Want to share your content on R-bloggers? click here if you have a blog, or here if you don't.

Today’s guest post is by R. Duncan McIntosh. Last week Duncan tweeted about using choroplethr to map the 2016 Florida primary election results. I’ve been wanting to analyze election results in R for some time, and asked Duncan to share with my readers how he did his analysis. This is his reply.
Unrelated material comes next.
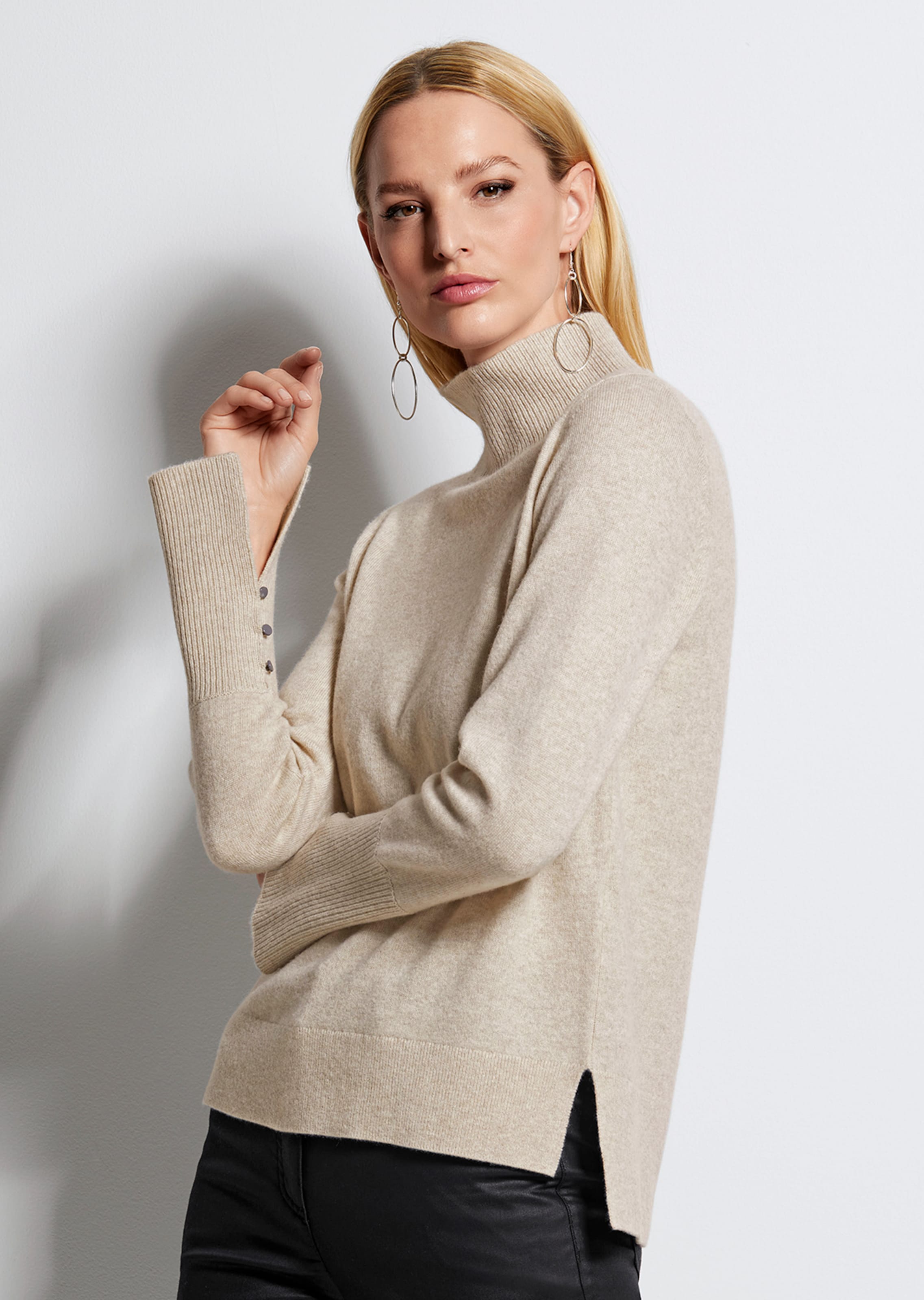Ein vielseitig kombinierbarer Pullover aus hochwertiger Naturgarn-Mischung für ein einzigartiges Trage-Erlebnis. Die leicht taillierte Form mit modischem Stehkragen und trendstark verlängerter Rückseite verleiht dem Strickpartner eine stylische Note, während Seitenschlitze Lässigkeit in den Look bringen. Die langen Ärmel zeichnen sich durch modische Raffinesse aus und sorgen mit einer breiten, geschlitzten Manschette und Knöpfen für das gewisse Extra. Der flauschige Kaschmir-Anteil ist super soft im Trage-Gefühl und verleiht dem Pullover einen edlen Griff.
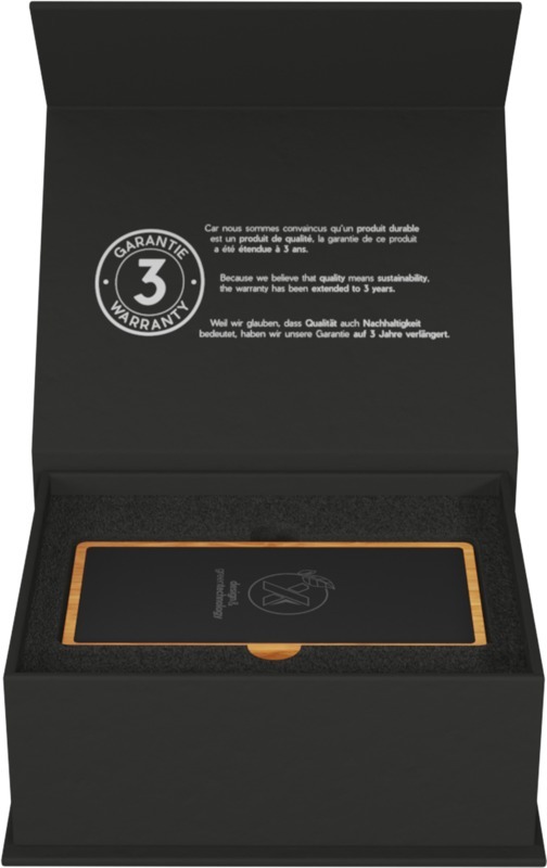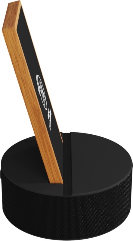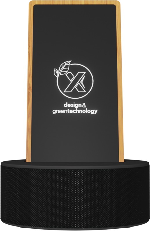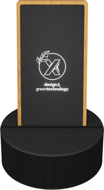 Акустическая станция с подсветкой логотипа и двумя различными функциями. База представляет собой мощный динамик Bluetooth® мощностью 2x3 Вт со встроенным микрофоном для конференц-связи. Сертифицированное бамбуковое индукционное зарядное устройство магнитно интегрировано в динамик и позволяет вам заряжать телефон, совместимый с индукционной зарядкой, с мощностью 10 Вт. Автономность батареи составляет около 3 часов. Для оптимального использования изделия (динамик + зарядка 10 Вт) рекомендуется использовать прилагаемый кабель для зарядки. Поставляется с зарядным кабелем из переработанного ПЭТ-пластика. Размер акустической станции: 9 х 14 см. Упакована в подарочную коробку (14 x 11 x 5,5 см) с магнитной застежкой. Гарантия 3 года. Бамбуковое дерево, Пластик ABS, Переработанный PET пластик.

Election season is providing plenty of data to explore. Today I will demonstrate how to make a choropleth map of recent presidential primary election results in R. The final map we will produce compares the democratic candidates’ percent of total votes by county:

The Data

The election results for Florida are made available by Florida Election Watch. Using read.delim(), you can read directly from the tab delimited file online, which allows for a completely reproducible analysis from start to finish, though you might want to also download the file for offline use. Setting the argument strip.white = TRUE removes the problematic white spaces in the CountyNames column.

# Load required packages
library(ggplot2)
library(dplyr)
library(reshape2)
library(choroplethr)
library(choroplethrMaps)
library(gridExtra)
library(knitr)

# Read election results file from the web, and strip the white spaces
fl <- read.delim("http://fldoselectionfiles.elections.myflorida.com/enightfilespublic/20160315_ElecResultsFL.txt", strip.white = T)
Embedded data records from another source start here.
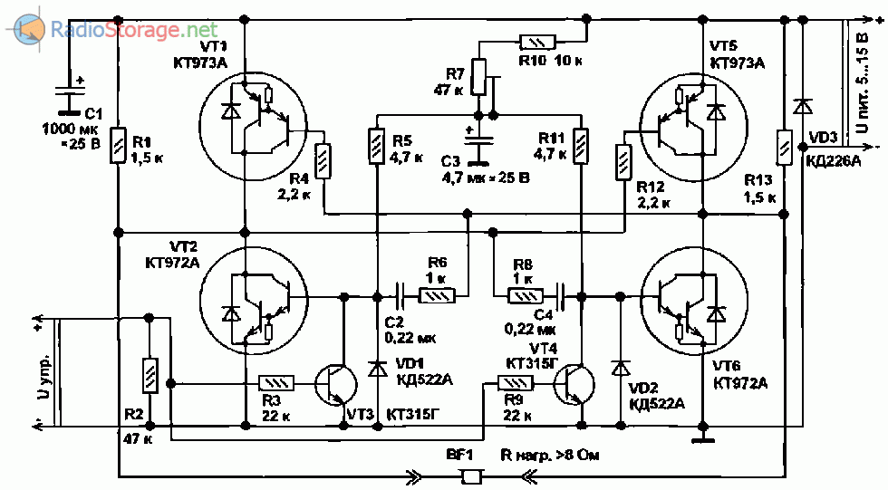 Рис. 3. Принципиальная схема эквивалентной замены транзисторов КТ972, КТ973.
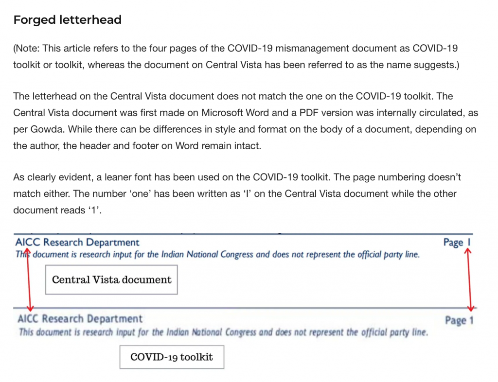 In its article, Alt News said the letterhead of the Central Vista document it received from the Congress party did not match with the one on the party’s COVID-19 toolkit and therefore the document was fake.
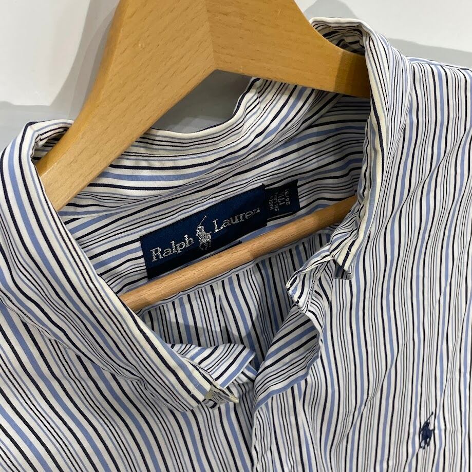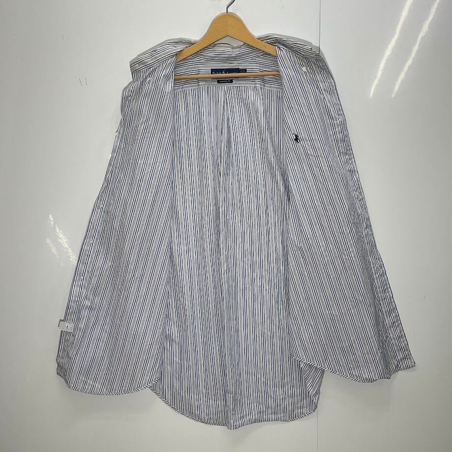 商品名:90's vintage 90年代 ヴィンテージ Ralph Lauren ラルフローレン CUSTOM FIT ストライプシャツ ポニー刺繍 シャツ ボタンダウン ワンポイント刺繡 オーバーサイズ スリランカ製 17 1/2サイズ ホワイト ブルー
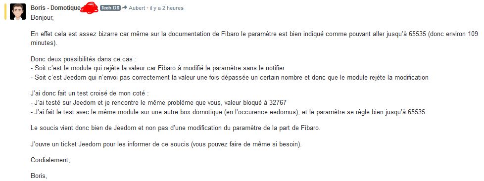 D’après Boris d’un magasin connu de vente de matériel Domotique Stoxx le problème viendrait de Jeedom car il a essayé sur Endomus mais le probleme n’apparait pas
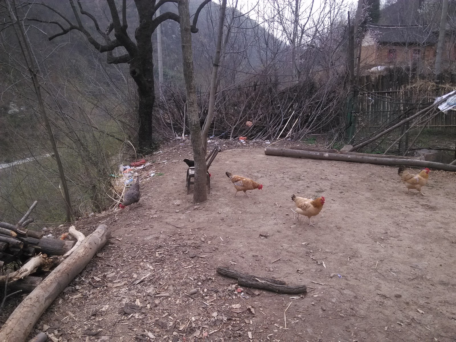 鸡吃东西的槽子都是手工做的,感觉真的是无忧无虑世外桃源了
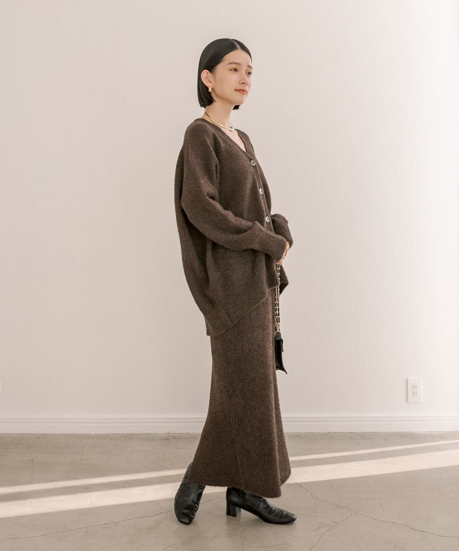 柔らかいソフトな素材にフェザーラメがブレンドされた あたたかみのある肌触りの優しい素材で、気温の低い日にもオススメです。
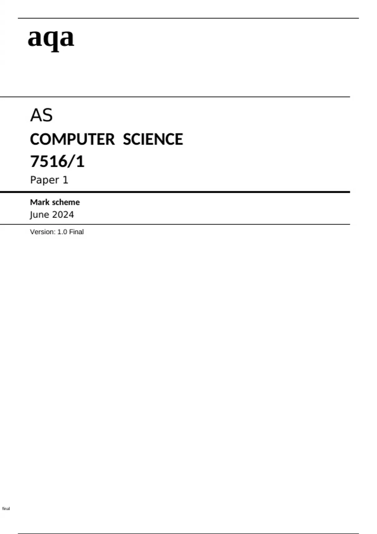 aqa AS COMPUTER SCIENCE (7516/1)Paper 1 MARK SCHEME June 2024
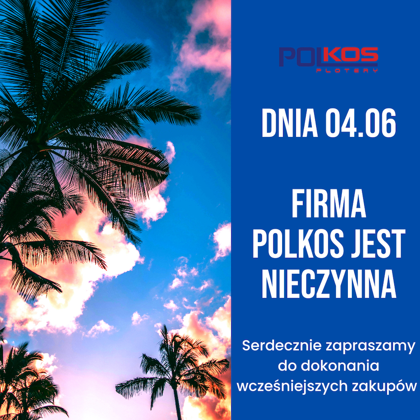Szanowni klienci, chcielibyśmy poinformować, że dnia 04.06 firma Polkos jest nieczynna. Serdecznie zapraszamy na wcześniejsze zaopatrzenie się.
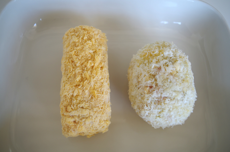 平井精肉店のオランダコロッケを まずは揚げる前の状態で比較。
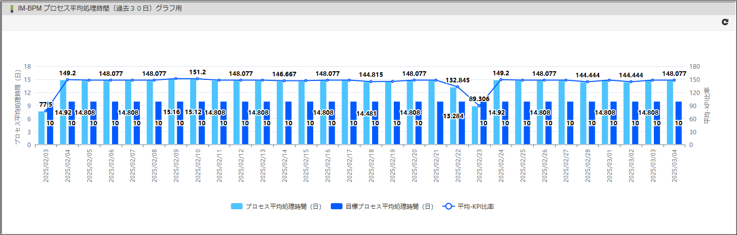 平均処理時間は”日”単位の四捨五入、小数点第三位まで表示します。平均処理時間の算出対象は完了プロセスのみで、実行中のプロセスは含まれません。グラフの縦軸(左)には平均処理時間(棒グラフの目盛り)、縦軸(右)には比率(折れ線グラフの目盛り、単位は%)、横軸には過去30日の日付を表示します。軸名には凡例の一つが反映されます。
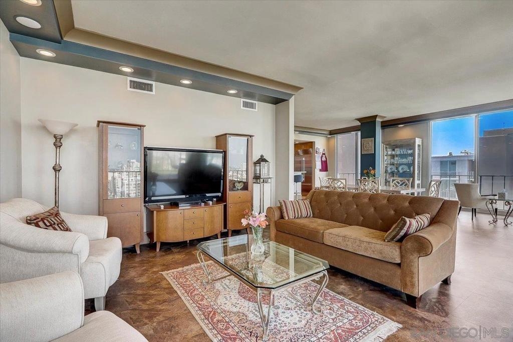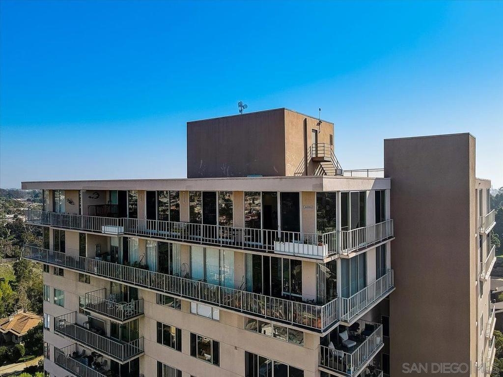 Views! Views! Views! Beautifully upgraded corner unit Penthouse located within the highly desirable gated community of Coral Tree Plaza in Hillcrest. This stunning property boasts a wide-open floor plan with neutral paint and trim, a new heater, new windows and sliding doors throughout, new motorized shades and blackout curtains, a laundry room, updated bathrooms, and high-end laminate flooring throughout. A beautifully appointed kitchen featuring granite countertops and backsplash, new stainless steel appliances including a Wolf induction cooktop, Miele dishwasher and Subzero refrigerator, and warm modern cabinetry with breakfast counter seating that opens to the living area. A large primary suite with tray ceilings, private balcony access and its own en-suite bathroom offering dual sinks, a custom walk-in shower, and a large walk-in closet. Outdoor living extends to the balcony where you can relax and unwind, taking in the views all the way to the Bay and Ocean. Parking is a breeze with two assigned side-by-side parking spots in the secure underground garage. There is an additional storage unit in the building. Unsurpassed community amenities include a sparkling pool and spa, recreation room, tennis courts, newly remodeled guest suites, an exercise room in the west building, a hobby room on the first floor of the garage, and a car wash bay. Centrally located in the heart of Hillcrest and only minutes away from Mission Valley, The San Diego Zoo, Balboa Park, shopping, dining, Interstates 163, 8 and the 5, plus so much more. Don’t let this opportunity pass you by! Complex Features: ,,,, Equipment: Dryer, Washer Sewer: Sewer Connected
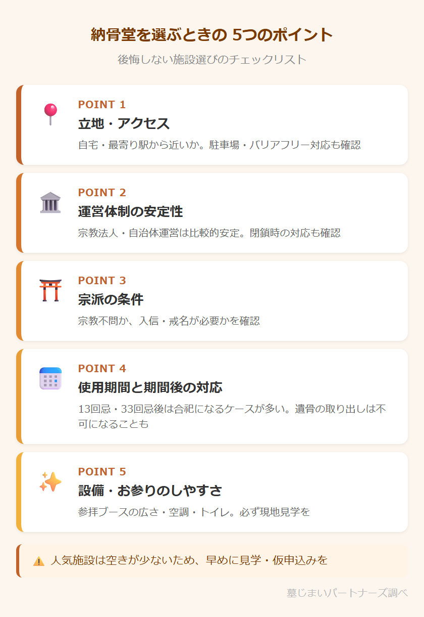 納骨堂は施設によって費用・立地・サービスが大きく異なります。後悔のない選択をするために、以下のポイントを確認しましょう。

Using the dplyr package, I filtered the data frame leaving only one party and selected only the columns I’m interested in. Using the reshape2 package’s dcast function, I then cast the data frame from long to wide format (i.e., with each candidate’s vote counts in a separate column). I also changed the datatype of the CountyName column to facilitate joining it with the county.regions data frame in a later step.
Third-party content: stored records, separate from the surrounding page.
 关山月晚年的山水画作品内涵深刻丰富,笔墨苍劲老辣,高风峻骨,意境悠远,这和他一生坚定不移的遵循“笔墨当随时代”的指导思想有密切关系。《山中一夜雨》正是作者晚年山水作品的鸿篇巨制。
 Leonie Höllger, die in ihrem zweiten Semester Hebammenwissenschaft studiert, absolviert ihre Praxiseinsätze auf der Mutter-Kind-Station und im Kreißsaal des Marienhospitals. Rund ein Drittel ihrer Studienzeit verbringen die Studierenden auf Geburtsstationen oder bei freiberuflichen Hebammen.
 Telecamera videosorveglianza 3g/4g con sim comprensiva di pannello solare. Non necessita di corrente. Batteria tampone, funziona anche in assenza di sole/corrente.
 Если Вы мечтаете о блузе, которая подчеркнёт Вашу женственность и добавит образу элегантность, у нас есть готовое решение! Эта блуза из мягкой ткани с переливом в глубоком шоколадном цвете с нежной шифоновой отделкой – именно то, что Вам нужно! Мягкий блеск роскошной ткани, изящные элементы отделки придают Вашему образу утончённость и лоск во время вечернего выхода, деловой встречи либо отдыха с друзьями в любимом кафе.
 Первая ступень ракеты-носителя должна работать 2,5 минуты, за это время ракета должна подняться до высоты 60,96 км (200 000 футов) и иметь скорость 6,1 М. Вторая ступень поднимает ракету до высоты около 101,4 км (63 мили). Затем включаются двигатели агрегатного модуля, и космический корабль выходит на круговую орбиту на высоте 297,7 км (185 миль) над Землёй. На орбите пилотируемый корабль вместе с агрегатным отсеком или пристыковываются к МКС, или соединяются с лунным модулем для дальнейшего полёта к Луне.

# Filter leaving only one party, and select desired columns
dem <- filter(fl, PartyCode == "DEM") %>% select(CountyName, CanNameLast, CanVotes)

# Cast dem dataframe from long to wide using dcast
dem_cast <- dcast(dem, CountyName ~ CanNameLast, sum)  # Now we can see each candidate's votes per county
colnames(dem_cast)[3] <- "OMalley" # Remove apostrophe from O'Malley

# Change CountyName column from Factor to lowercase Character
dem_cast$CountyName <- tolower(as.character(dem_cast$CountyName))


Then, I created a new column for each county’s total vote count and columns for each candidate’s percentage of those totals.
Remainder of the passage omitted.